TASK REQUIREMENTS -
Reproduce the listing below exactly, minus its pictures.

DATA SECTION -

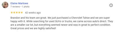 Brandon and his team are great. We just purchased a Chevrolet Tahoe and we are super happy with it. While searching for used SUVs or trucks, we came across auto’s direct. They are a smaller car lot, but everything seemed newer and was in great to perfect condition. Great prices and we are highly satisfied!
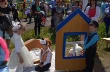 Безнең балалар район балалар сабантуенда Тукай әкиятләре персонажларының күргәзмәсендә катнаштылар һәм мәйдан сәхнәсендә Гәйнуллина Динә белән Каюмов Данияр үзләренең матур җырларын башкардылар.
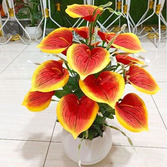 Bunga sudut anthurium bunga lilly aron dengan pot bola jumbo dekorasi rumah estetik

SOLUTION TO THE PROBLEM -
 Brandon and his team are great. We just purchased a Chevrolet Tahoe and we are super happy with it. While searching for used SUVs or trucks, we came across auto’s direct. They are a smaller car lot, but everything seemed newer and was in great to perfect condition. Great prices and we are highly satisfied!
 Безнең балалар район балалар сабантуенда Тукай әкиятләре персонажларының күргәзмәсендә катнаштылар һәм мәйдан сәхнәсендә Гәйнуллина Динә белән Каюмов Данияр үзләренең матур җырларын башкардылар.
 Bunga sudut anthurium bunga lilly aron dengan pot bola jumbo dekorasi rumah estetik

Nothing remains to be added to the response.